发现grafana读取Prometheus的数据超时了,排查后发现Prometheus磁盘空间不足,导致pod crash后一直在重启。
[root@a-docker-cluster01 ~]# kubectl -n monitoring get po -o wide
NAME READY STATUS RESTARTS AGE IP NODE
......
prometheus-wrinkled-gibbon-prometheus-prometheus-0 2/3 CrashLoopBackOff 108 132d 10.233.71.69 a-docker-cluster02
[root@a-docker-cluster01 ~]# kubectl -n monitoring logs prometheus-wrinkled-gibbon-prometheus-prometheus-0 prometheus
......
level=info ts=2018-12-23T13:28:30.866076641Z caller=main.go:608 msg="Notifier manager stopped"
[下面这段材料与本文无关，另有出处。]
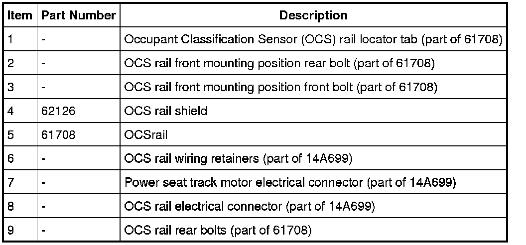 NOTICE: Prevent oil and/or grease from getting on the Occupant Classification Sensor (OCS) rail bolts as this can lead to tightening beyond the specified torque value. Failure to follow this instruction may result in damaged or broken OCS rail bolts.

level=error ts=2018-12-23T13:28:30.866158699Z caller=main.go:617 err="opening storage failed: zero-pad torn page: write /prometheus/wal/00000138: no space left on device"
看到这里只申请5G的存储空间,前面运行一直没问题,但是这周加了好几个监控指标,大量的抓取数据导致爆盘了。
只能怪当初没事先做好容量规划,欠的债始终是要还的。我们来看看能否动态扩容呢?我们来看看之前ceph rbd的定义。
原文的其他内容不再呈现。